木曜日, 2月 15, 2007

ドルが少し弱いようだ。。

昨日、バーナンキFRB議長が議会証言にてインフレリスクの後退について言及し、米国の利下げ観測に再び火がつき始めたようだ。10年債は買われ、金利先物市場では9月時点での利下げを68%ほど織り込む水準にまで金利先物が売られたようだ。(発言前までは19%ほど)しかし、インフレリスクの後退をそのまま年度後半の利下げ期待に結びつけるあたり、市場が過剰に反応しすぎている感が否めない。
昨日発表された米国の1月の小売売り上げはかなり底堅いものであったと認識している。自動車と電気製品が全体の足を引っ張った格好であるが、クリスマス・年末商戦時期の12月と比較すれば消費の伸びは鈍化しているが、前年比で見るとコアの部分でも年率3.4%とかなりの好調を維持していると捕らえることができよう。米国GDPの70%を構成するといわれる個人の購買力は、住宅価格や金利の上昇に影響されることなくかなり力強いもののようだ。
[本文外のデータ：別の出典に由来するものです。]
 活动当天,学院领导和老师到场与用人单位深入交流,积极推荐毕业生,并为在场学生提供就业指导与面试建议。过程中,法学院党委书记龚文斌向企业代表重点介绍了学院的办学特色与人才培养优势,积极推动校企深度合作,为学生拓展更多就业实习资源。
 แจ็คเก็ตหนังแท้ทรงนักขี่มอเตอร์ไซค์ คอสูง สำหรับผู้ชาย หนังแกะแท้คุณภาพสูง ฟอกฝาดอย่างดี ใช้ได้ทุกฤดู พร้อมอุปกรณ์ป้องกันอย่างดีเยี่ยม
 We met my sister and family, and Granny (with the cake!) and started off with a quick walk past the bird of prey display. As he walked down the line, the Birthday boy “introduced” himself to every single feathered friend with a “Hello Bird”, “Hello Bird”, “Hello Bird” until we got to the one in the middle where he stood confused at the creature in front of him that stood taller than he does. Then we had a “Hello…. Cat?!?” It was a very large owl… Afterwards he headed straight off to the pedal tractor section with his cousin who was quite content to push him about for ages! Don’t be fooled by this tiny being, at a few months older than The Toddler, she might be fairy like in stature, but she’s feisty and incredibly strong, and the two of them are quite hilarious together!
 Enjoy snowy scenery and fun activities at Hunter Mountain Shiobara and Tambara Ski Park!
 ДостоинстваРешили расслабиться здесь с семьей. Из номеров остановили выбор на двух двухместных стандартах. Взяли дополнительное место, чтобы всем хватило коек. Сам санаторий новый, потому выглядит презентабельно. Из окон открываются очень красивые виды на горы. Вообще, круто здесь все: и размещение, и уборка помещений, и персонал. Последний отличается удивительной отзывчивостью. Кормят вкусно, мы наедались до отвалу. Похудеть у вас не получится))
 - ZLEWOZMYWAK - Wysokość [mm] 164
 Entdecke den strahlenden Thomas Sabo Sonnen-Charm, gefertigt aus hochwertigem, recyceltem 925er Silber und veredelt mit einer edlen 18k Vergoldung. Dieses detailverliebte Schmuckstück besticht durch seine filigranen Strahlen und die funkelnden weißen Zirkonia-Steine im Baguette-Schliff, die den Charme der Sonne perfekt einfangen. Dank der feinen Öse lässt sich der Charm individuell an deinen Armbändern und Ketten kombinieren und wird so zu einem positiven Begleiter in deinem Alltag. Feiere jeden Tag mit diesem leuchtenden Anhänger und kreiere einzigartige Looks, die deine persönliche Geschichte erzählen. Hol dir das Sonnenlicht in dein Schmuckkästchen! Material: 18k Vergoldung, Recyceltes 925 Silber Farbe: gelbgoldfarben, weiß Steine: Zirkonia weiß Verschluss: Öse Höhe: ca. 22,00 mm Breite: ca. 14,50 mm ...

米国の2007年は非常に良い滑り出しであり、引き続きドルを売る理由は見当たらない。先日ユーロドルで1.3075-95までの調整の可能性を示唆し、現在は1.3135と想定していた以上にドル安方向へ調整が進んでいるようである。本日と明日に発表される米国の物価指標の好結果に期待したい。本年度後半の米国の金利見通しが利下げ基準から利上げ基準に方向転換がなされない限り、本格的なドル高トレンドは期待できないだろう。
いずれにせよ現在のプライスは「行き過ぎ」であろう。遅かれ早かれ1.2900-1.3100のレンジに逆戻りすると予想している。